Now the pointer is pointing to the string s2 so pointer will move up and pointing to the string s2 shown as below:

Since the pointer is pointing to the string s2 so pointer will move up and pointing to the string s1/s2 shown as below:

Since the pointer is pointing to the string s1/s2 so pointer will go diagonally up and pointing to the string s1 shown as below:

Since the pointer is pointing to the string s1 will move left and pointing to the string s1/s2 shown as below:

From the above table, we can observe that longest common subsequence is ACA.

### 11) What are the pros and cons of memoization or top-down approach?

**Advantages**

- It is very easy to understand and implement.
- It solves the subproblems only when it is required.
- It is easy to debug.

**Disadvantages**

It uses the recursion technique that occupies more memory in the call stack. Sometimes when the recursion is too deep, the stack overflow condition will occur.

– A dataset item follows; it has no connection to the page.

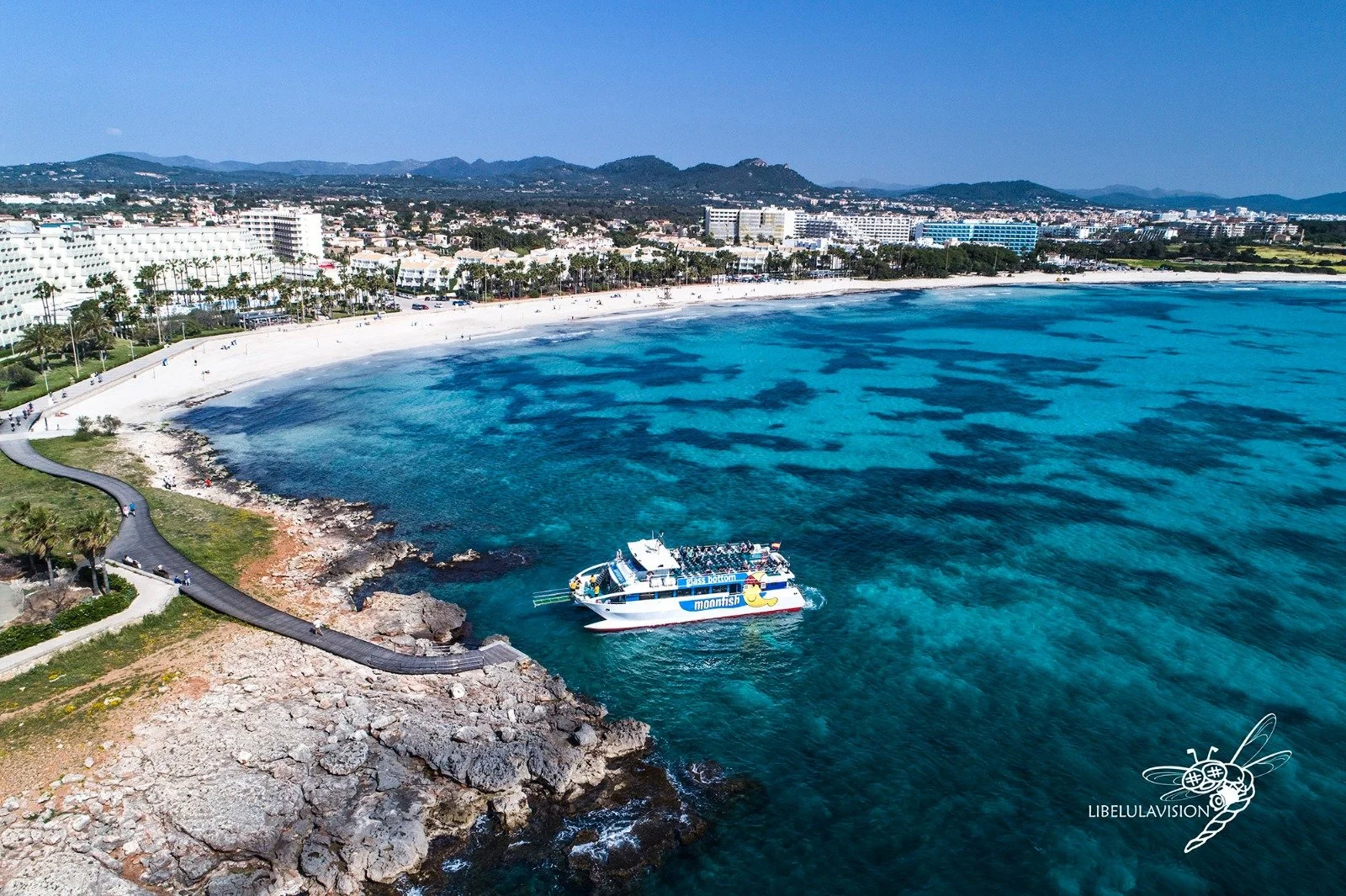 This coastal cruise from Sa Coma sails to Cala Millor and Cala Bona, then sails toward Porto Cristo, with a refreshing swim stop at Cala Morlanda and a visit to a sea cave. A great afternoon option with stunning coastal views.

It occupies more memory that degrades the overall performance.

### 12. Which approach should we consider when choosing between the top-down approach and the bottom-up approach solutions for the same problem?

**The following are the two things that we consider while deciding an algorithm:**

**Time complexity:**Since both the approaches have the similar time complexity but for loop is cheaper than the recursive function calls. Therefore, we can say that bottom-up approach is faster than the top-down approach in terms of machine time.**Space complexity:**When we are not considering the extra call stack allocations during the top-down. Mainly both the approaches are used to build a table for all the sub-solutions but bottom-approach follows a topological order where the cost of auxiliary space can be reduced to the size of problem’s immediate dependencies. For example,**fibonacci(n)= fibonacci(n-1) + fibonacci(n-2),**here we are storing only two previous calculations.